__YOUR GOAL__
Output must consist only of the lines of the material below from the one with "前端期货产品K线正常,新增一键买入、单用户风控等功能" through the one with "Общая площадь 43 м2", each reproduced exactly; no pictures belong in it.

(DATA IN THIS EXERCISE Opens)

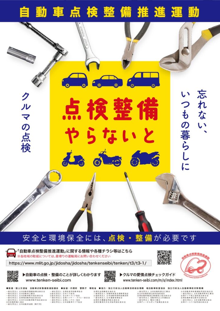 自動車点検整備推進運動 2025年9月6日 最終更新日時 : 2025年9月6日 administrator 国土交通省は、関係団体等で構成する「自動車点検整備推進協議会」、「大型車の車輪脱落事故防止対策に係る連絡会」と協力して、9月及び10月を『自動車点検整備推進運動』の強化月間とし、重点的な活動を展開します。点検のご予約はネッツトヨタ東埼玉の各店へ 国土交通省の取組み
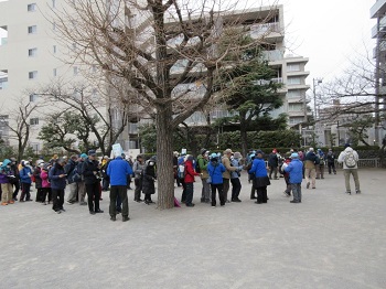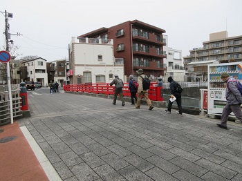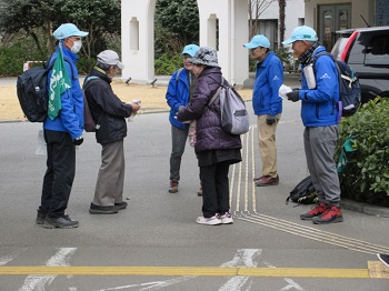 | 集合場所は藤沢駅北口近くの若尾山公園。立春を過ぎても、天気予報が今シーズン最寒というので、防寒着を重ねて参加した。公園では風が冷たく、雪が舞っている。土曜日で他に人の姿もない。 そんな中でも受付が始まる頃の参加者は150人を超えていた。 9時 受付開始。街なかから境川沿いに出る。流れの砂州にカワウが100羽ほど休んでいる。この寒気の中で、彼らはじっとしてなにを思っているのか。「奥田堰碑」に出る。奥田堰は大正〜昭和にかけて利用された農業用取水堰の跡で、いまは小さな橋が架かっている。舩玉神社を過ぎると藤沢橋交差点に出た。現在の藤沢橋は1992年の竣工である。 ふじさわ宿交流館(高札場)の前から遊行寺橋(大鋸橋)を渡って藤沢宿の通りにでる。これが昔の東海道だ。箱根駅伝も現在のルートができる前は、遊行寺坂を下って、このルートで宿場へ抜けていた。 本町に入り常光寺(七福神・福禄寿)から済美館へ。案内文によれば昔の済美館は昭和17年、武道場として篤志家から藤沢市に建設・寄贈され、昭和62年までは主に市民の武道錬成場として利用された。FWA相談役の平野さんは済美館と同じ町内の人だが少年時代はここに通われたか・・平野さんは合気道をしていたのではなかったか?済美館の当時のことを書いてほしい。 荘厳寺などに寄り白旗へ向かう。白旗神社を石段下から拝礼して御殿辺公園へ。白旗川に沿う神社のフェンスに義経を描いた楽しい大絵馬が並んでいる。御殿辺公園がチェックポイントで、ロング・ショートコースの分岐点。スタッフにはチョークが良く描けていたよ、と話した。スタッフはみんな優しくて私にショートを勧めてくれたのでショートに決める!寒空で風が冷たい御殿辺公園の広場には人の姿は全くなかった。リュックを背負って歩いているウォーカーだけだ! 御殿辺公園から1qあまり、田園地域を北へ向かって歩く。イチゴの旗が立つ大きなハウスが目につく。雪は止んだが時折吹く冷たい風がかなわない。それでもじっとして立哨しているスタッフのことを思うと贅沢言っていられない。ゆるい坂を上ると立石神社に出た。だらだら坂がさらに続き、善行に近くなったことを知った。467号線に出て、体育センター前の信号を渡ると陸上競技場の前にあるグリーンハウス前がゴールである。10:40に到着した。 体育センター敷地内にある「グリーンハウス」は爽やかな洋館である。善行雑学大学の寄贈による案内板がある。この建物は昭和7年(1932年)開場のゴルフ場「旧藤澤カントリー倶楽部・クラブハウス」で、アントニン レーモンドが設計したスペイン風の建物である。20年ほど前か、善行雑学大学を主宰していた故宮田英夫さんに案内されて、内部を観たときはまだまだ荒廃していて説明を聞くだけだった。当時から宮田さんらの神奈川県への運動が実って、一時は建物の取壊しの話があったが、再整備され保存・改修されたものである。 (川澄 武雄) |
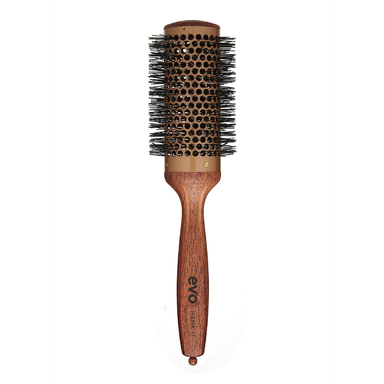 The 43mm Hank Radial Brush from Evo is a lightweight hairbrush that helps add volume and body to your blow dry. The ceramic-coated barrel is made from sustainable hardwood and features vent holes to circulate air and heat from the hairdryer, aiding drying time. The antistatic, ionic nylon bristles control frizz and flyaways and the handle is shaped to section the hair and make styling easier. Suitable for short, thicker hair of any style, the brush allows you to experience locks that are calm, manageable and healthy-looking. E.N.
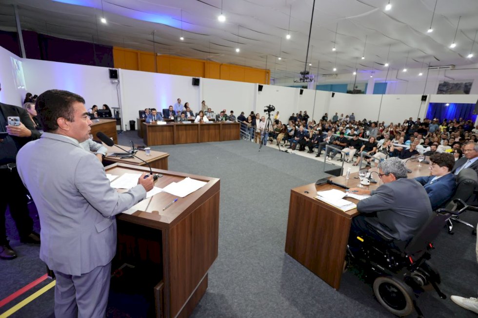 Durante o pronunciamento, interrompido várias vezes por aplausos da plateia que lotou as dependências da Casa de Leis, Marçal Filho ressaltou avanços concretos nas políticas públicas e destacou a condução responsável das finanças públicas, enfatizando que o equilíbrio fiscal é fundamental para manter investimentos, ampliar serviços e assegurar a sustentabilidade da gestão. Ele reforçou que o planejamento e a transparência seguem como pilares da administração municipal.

(DATA IN THIS EXERCISE Closes)
(DATA IN THIS EXERCISE Opens)

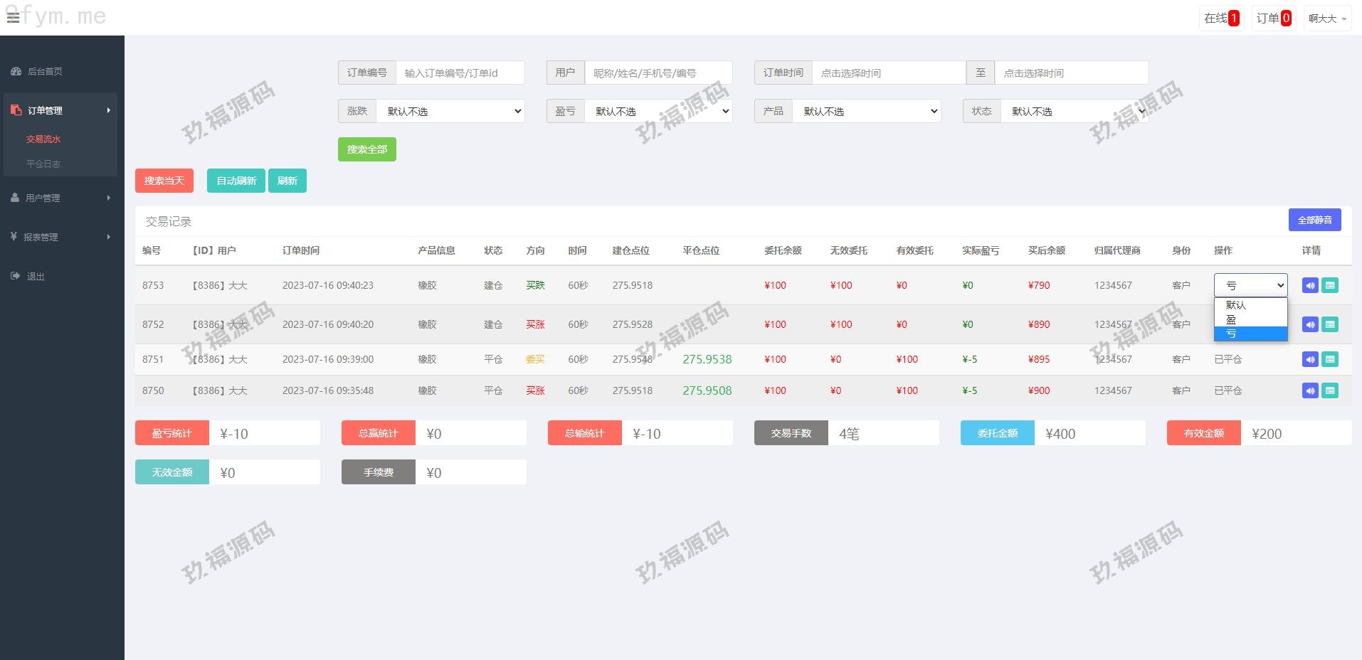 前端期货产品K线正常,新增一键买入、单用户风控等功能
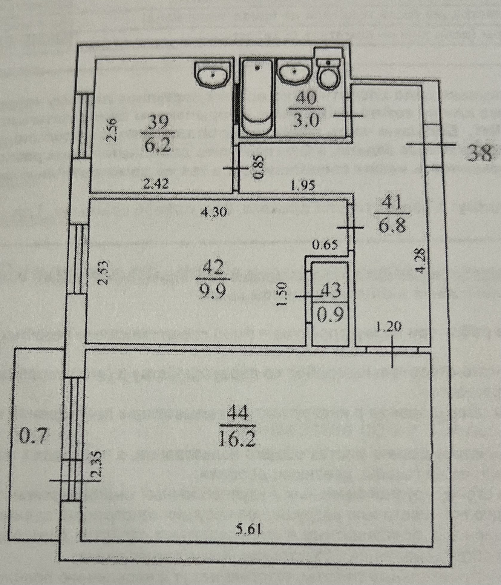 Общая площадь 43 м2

(DATA IN THIS EXERCISE Closes)

__TASK RESPONSE__
 前端期货产品K线正常,新增一键买入、单用户风控等功能
 Общая площадь 43 м2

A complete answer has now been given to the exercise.